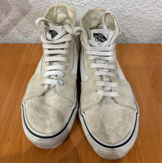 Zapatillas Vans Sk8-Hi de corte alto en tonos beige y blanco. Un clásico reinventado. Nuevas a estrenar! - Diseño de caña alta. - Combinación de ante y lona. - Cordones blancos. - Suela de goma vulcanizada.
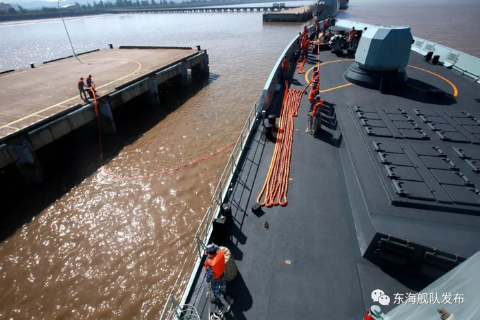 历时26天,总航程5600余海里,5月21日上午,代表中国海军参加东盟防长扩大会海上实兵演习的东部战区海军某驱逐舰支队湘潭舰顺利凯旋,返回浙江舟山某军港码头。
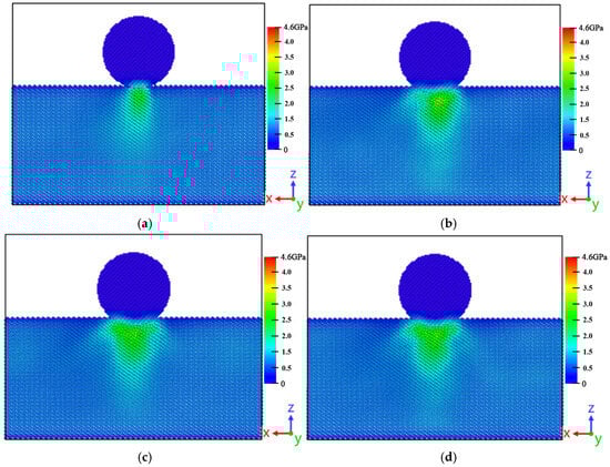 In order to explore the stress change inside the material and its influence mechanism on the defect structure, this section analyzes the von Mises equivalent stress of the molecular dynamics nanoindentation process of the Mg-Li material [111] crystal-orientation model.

* * *

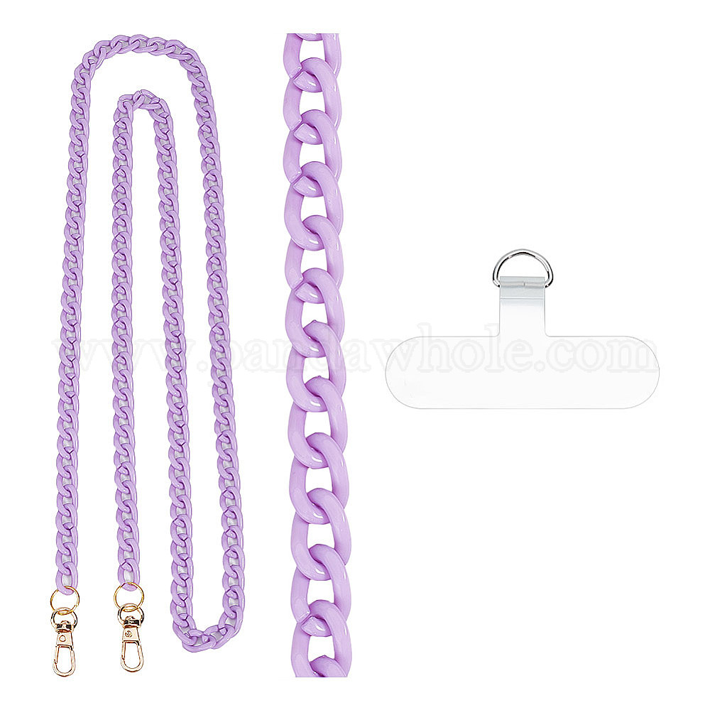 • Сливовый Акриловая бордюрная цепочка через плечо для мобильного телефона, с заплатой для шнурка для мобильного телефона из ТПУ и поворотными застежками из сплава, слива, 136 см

■ **WHAT IS BEING ASKED**
From the data above, return exactly the lines from the one with "Zapatillas Vans Sk8-Hi" up to and including the one with "In order to". Pictures do not go in the copy.

■ **YOUR RESPONSE**
 Zapatillas Vans Sk8-Hi de corte alto en tonos beige y blanco. Un clásico reinventado. Nuevas a estrenar! - Diseño de caña alta. - Combinación de ante y lona. - Cordones blancos. - Suela de goma vulcanizada.
 历时26天,总航程5600余海里,5月21日上午,代表中国海军参加东盟防长扩大会海上实兵演习的东部战区海军某驱逐舰支队湘潭舰顺利凯旋,返回浙江舟山某军港码头。
 In order to explore the stress change inside the material and its influence mechanism on the defect structure, this section analyzes the von Mises equivalent stress of the molecular dynamics nanoindentation process of the Mg-Li material [111] crystal-orientation model.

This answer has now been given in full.